§ **Work required**
Take the lines from the one containing "Shih Tzu Spring" through the end of the material and write them out exactly, omitting pictures.

§ **Data extract**
● ● ● ●

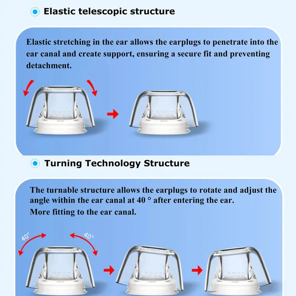 The Latex AR700+ Silicone Eartips are equipped with Turning Technology Structure, which enables a 40° rotation within the ear canal after insertion. This unique feature allows for easy angle adjustment, ensuring a snug fit that closely conforms to the shape of the individual’s ear canal.
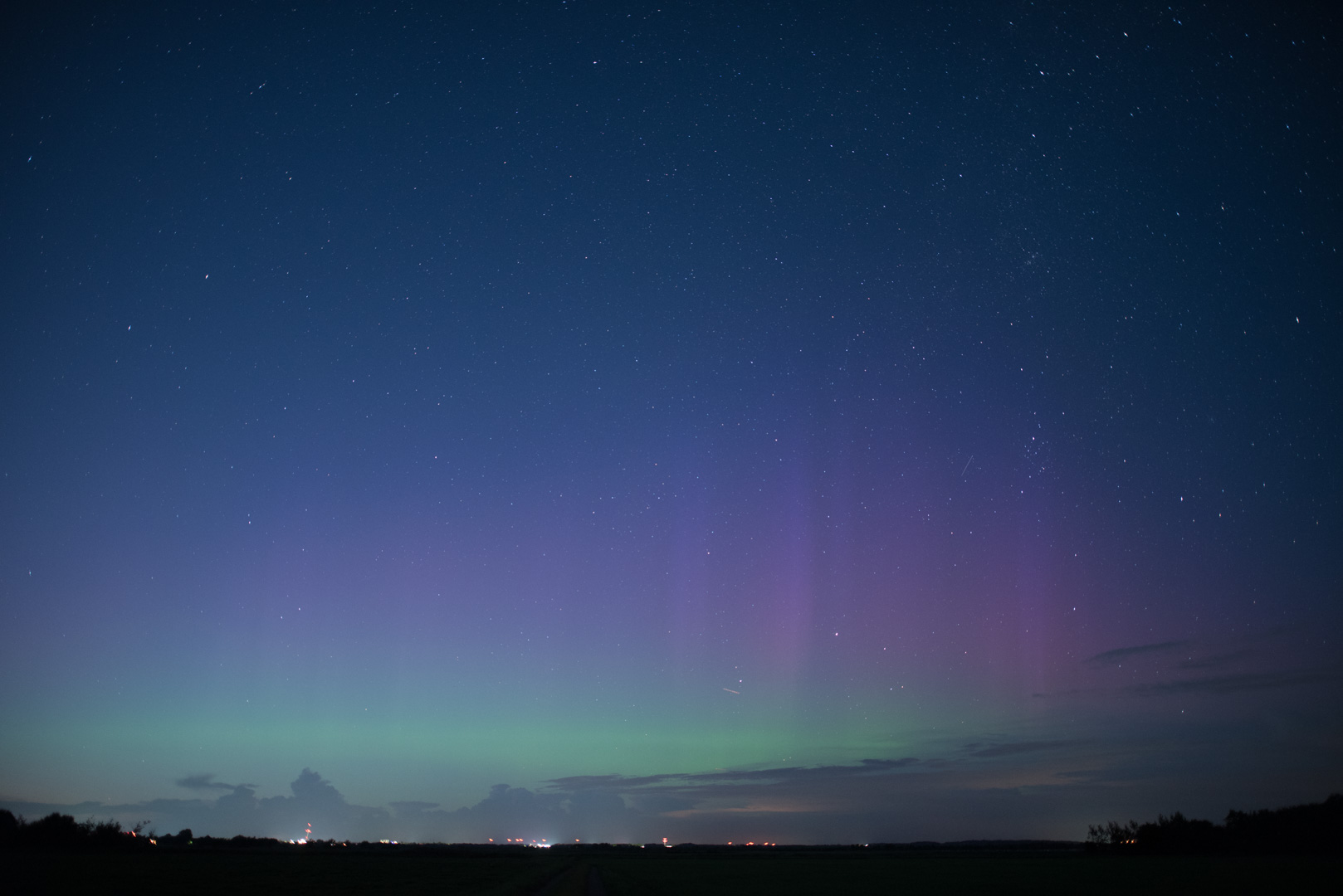 Hier bei Würzburg (50° Nord) haben sich die Wolken erst gegen Mitternacht verzogen. Ab 01:20 Uhr MESZ konnte ich dann den rötlich-violetten Himmel auf den Fotos erkennen (Canon EOS 6D mit Tamron 17-35mm bei 17mm, f 2.8, ISO3200, 25sec).
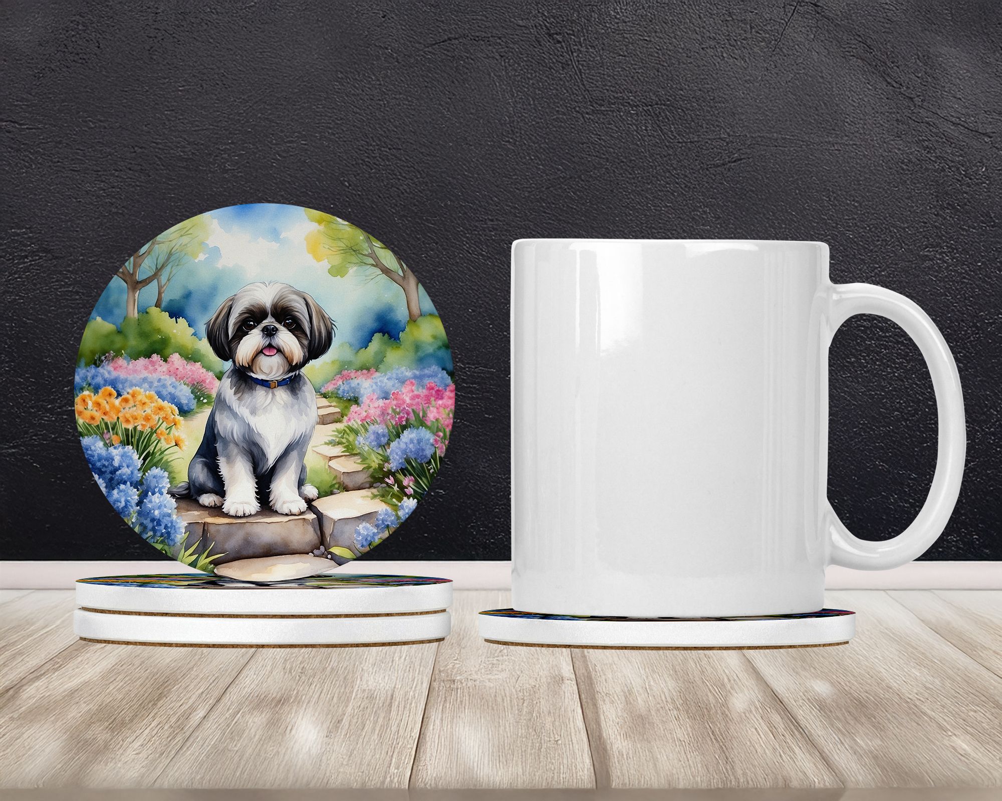 Shih Tzu Spring Path Large Sandstone Coasters Pack of 4 Absorbent Round Coasters Decor Gifts for Men or Women, 4 in, Multicolor
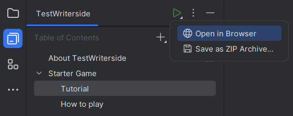 在Writerside工具窗口中上方有个按钮,单击”Open in Browser“或“Save as ZIP Archive”

● ● ● ●

§ **Response for this exercise**
 Shih Tzu Spring Path Large Sandstone Coasters Pack of 4 Absorbent Round Coasters Decor Gifts for Men or Women, 4 in, Multicolor
 在Writerside工具窗口中上方有个按钮,单击”Open in Browser“或“Save as ZIP Archive”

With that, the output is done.